----- RECORD EXTRACTS
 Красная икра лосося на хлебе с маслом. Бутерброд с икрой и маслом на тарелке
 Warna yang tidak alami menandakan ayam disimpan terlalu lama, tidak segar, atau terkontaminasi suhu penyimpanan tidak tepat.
----------
----- RECORD EXTRACTS
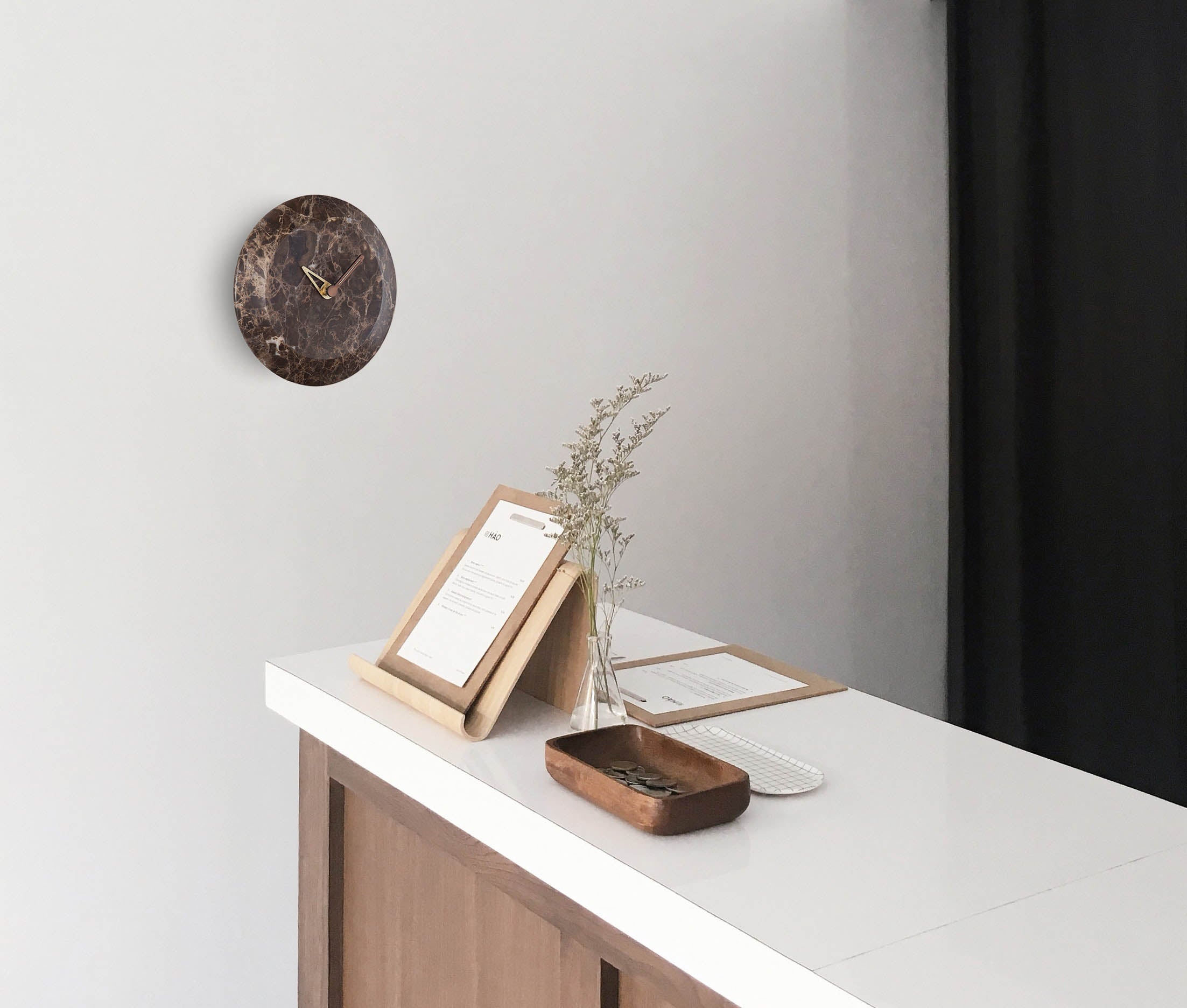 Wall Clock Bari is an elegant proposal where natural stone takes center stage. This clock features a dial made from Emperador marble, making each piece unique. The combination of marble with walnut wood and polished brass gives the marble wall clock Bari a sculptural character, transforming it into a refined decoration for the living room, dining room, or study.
----------
Taking the listing above as the source, transcribe only the lines starting at the line with "Красная икра лосося" and going through the line with "Warna yang tidak", unaltered and with both ends included.

 Красная икра лосося на хлебе с маслом. Бутерброд с икрой и маслом на тарелке
 Warna yang tidak alami menandakan ayam disimpan terlalu lama, tidak segar, atau terkontaminasi suhu penyimpanan tidak tepat.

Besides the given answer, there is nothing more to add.